Output all of the data exactly as it appears, but leave out any pictures it contains.

**Input**.

★ ★ ★ ★ ★

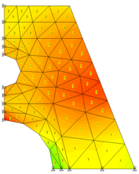 В нижней части пластины синей линией обозначена теоретическая граница раздела свойств КЭ. Хорошо видно, что узлы, образующие изначальную границу, остались на своих местах, но вследствие образования новых КЭ (справа от границы) стороны КЭ изменили свое положение. Если внимательно присмотреться, то можно понять, почему так случилось. Если бы грань осталась на своем месте, то вместе двух остроугольных треугольников было бы два тупоугольных. Так работает метод смены диагонали. Он отыскивает все 4-х угольники и если смена диагонали приводит к улучшению характеристик каждого из треугольников, образуемых этой диагональю, то он меняет эту диагональ.
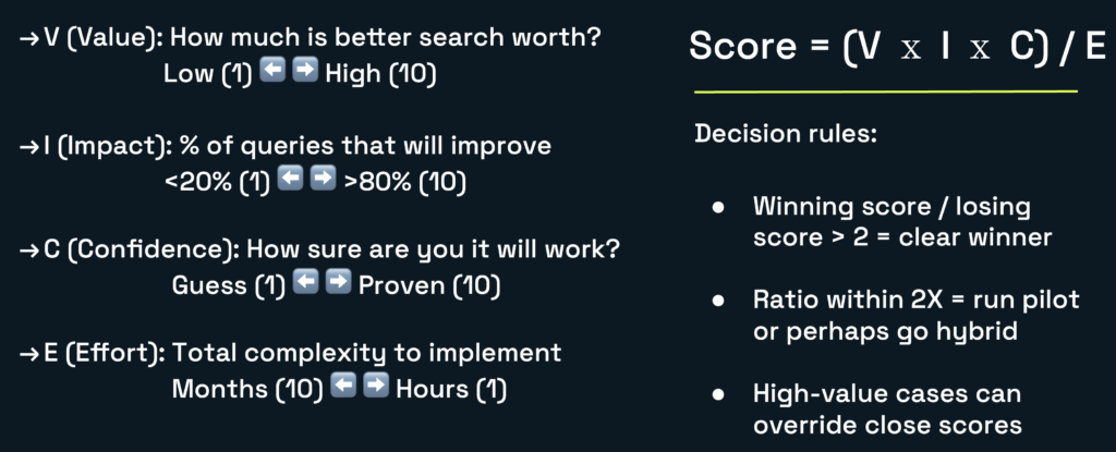 Use the VICE framework. Run the numbers. Make decisions based on data, not hype. Ultimately, your users don’t care whether you’re using vectors or not. They care if the search works.
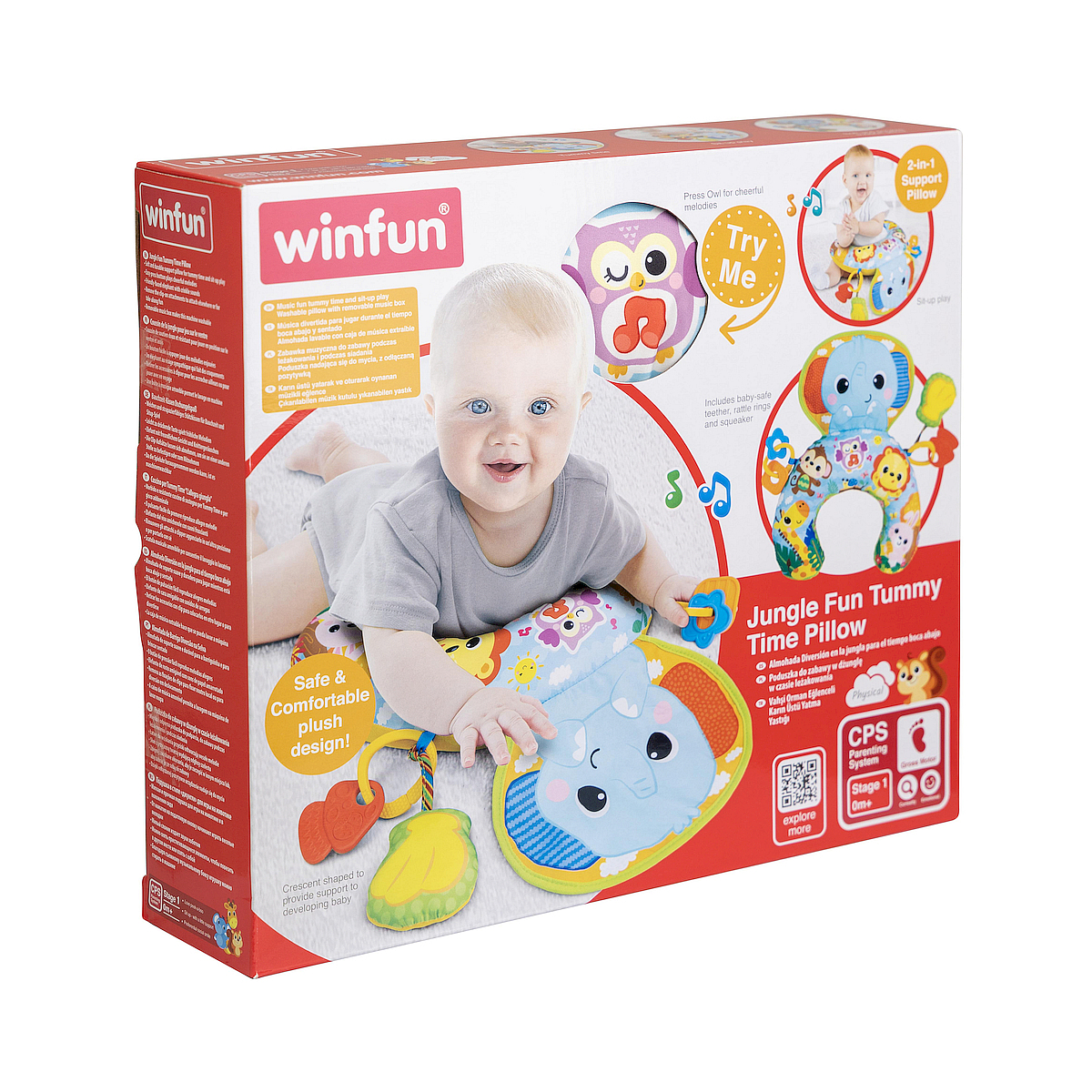 PODUSZKA DŻUNGLA 1/12 funkcyjna poduszka dla malucha z muzyką i odczepianymi grzechotkami, które można wykorzystać przy wózku, nosidełku, foteliku samochodowym oraz do samodzielnej zabawy. Poduszka sprawdzi się od momentu narodzin . Wygodna do zabawy na brzuszku,a gdy dziecko podrośnie- doskonała podpora podczas siedzenia. Wykonana z miłego w dotyku materiału, można prać w pralce (po wyjęciu baterii) wesoła kolorystyka, zabawne zwierzątka. Naciśnij sowę z nutka a będą rozbrzmiewać przyjemne dla małego ucha melodyjki. Słoń-szeleścik to dodatkowa atrakcja dla małego odkrywcy podczas poznawania otoczenia. Poducha pozytywnie wpłynie na rozwój dziecka już od momentu narodzin, pobudzając zmysły i zwiększając umiejętności motoryczne. - 5 melodyjek - słoń szeleścik - 3 odczepiane gryzaki w różnych kształtach o różnorodnych teksturach - piszcząca łapka z tasiemką - 2 zaczepy do do łatwego mocowania kolorowych kształtów
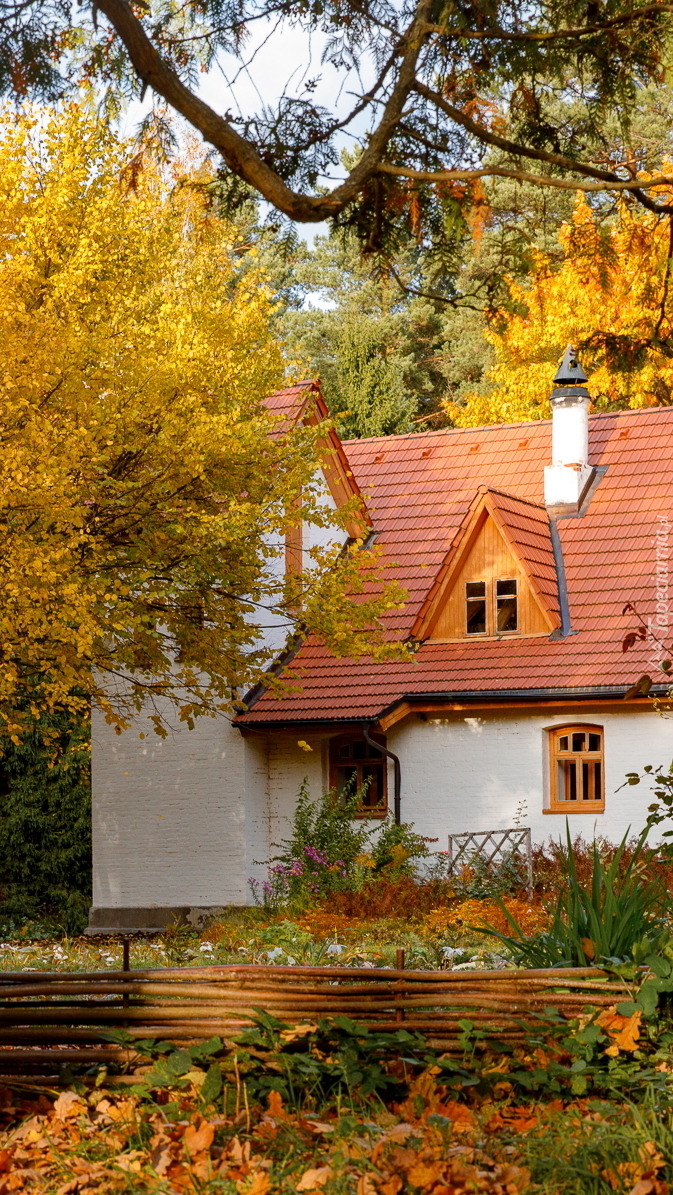 Edytor tapety: Biały dom z czerwonymi dachówkami
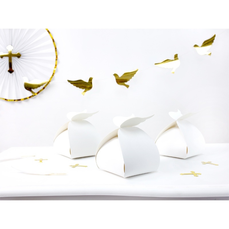 Este pacote contém dez caixas de cartão, totalmente brancas, que pode utilizar como recipiente para doces ou para oferecer como lembrança daquela festa ou evento especial.
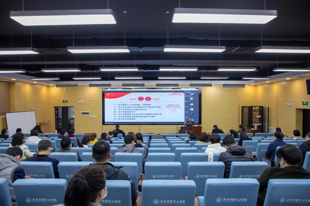 为深入学习宣传贯彻党的二十大精神,落实中省相关部署要求,把全校师生的思想统一到党的二十大精神上来,把力量凝聚到党的二十大确定的各项任务上来。11月11日上午,世界杯官网在建德楼201、202报告厅,以线上线下相结合的方式,举行了党的二十大精神学习宣讲报告会,学校科级以上干部、全体思政课教师、学生工作干部、辅导员和师生党员代表参加了宣讲会。
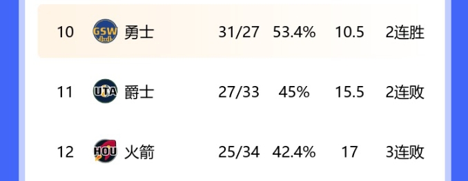在3月1日输给太阳之后,火箭遭遇了三连败,当时他们排在西区第12,落后第10的勇士6.5个胜场。
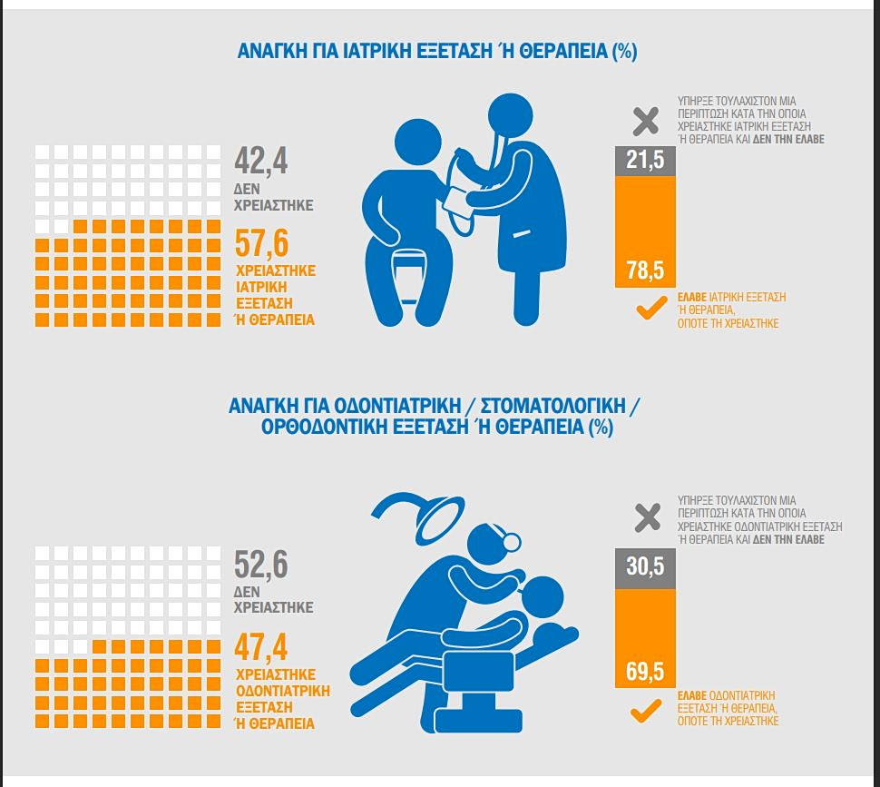 Από αυτούς, η πλειονότητα δεν μπόρεσε να λάβει αναγκαίες ιατρικές υπηρεσίες κυρίως για οικονομικούς λόγους (70,9%). Υψηλό είναι το ποσοστό όσων δεν κατάφεραν να κάνουν εξετάσεις ή να λάβουν θεραπεία κυρίως εξαιτίας της πολύ μεγάλης λίστας αναμονής (15,9%).

★ ★ ★ ★ ★

**Output for this task**.
 В нижней части пластины синей линией обозначена теоретическая граница раздела свойств КЭ. Хорошо видно, что узлы, образующие изначальную границу, остались на своих местах, но вследствие образования новых КЭ (справа от границы) стороны КЭ изменили свое положение. Если внимательно присмотреться, то можно понять, почему так случилось. Если бы грань осталась на своем месте, то вместе двух остроугольных треугольников было бы два тупоугольных. Так работает метод смены диагонали. Он отыскивает все 4-х угольники и если смена диагонали приводит к улучшению характеристик каждого из треугольников, образуемых этой диагональю, то он меняет эту диагональ.
 Use the VICE framework. Run the numbers. Make decisions based on data, not hype. Ultimately, your users don’t care whether you’re using vectors or not. They care if the search works.
 PODUSZKA DŻUNGLA 1/12 funkcyjna poduszka dla malucha z muzyką i odczepianymi grzechotkami, które można wykorzystać przy wózku, nosidełku, foteliku samochodowym oraz do samodzielnej zabawy. Poduszka sprawdzi się od momentu narodzin . Wygodna do zabawy na brzuszku,a gdy dziecko podrośnie- doskonała podpora podczas siedzenia. Wykonana z miłego w dotyku materiału, można prać w pralce (po wyjęciu baterii) wesoła kolorystyka, zabawne zwierzątka. Naciśnij sowę z nutka a będą rozbrzmiewać przyjemne dla małego ucha melodyjki. Słoń-szeleścik to dodatkowa atrakcja dla małego odkrywcy podczas poznawania otoczenia. Poducha pozytywnie wpłynie na rozwój dziecka już od momentu narodzin, pobudzając zmysły i zwiększając umiejętności motoryczne. - 5 melodyjek - słoń szeleścik - 3 odczepiane gryzaki w różnych kształtach o różnorodnych teksturach - piszcząca łapka z tasiemką - 2 zaczepy do do łatwego mocowania kolorowych kształtów
 Edytor tapety: Biały dom z czerwonymi dachówkami
 Este pacote contém dez caixas de cartão, totalmente brancas, que pode utilizar como recipiente para doces ou para oferecer como lembrança daquela festa ou evento especial.
 为深入学习宣传贯彻党的二十大精神,落实中省相关部署要求,把全校师生的思想统一到党的二十大精神上来,把力量凝聚到党的二十大确定的各项任务上来。11月11日上午,世界杯官网在建德楼201、202报告厅,以线上线下相结合的方式,举行了党的二十大精神学习宣讲报告会,学校科级以上干部、全体思政课教师、学生工作干部、辅导员和师生党员代表参加了宣讲会。
在3月1日输给太阳之后,火箭遭遇了三连败,当时他们排在西区第12,落后第10的勇士6.5个胜场。
 Από αυτούς, η πλειονότητα δεν μπόρεσε να λάβει αναγκαίες ιατρικές υπηρεσίες κυρίως για οικονομικούς λόγους (70,9%). Υψηλό είναι το ποσοστό όσων δεν κατάφεραν να κάνουν εξετάσεις ή να λάβουν θεραπεία κυρίως εξαιτίας της πολύ μεγάλης λίστας αναμονής (15,9%).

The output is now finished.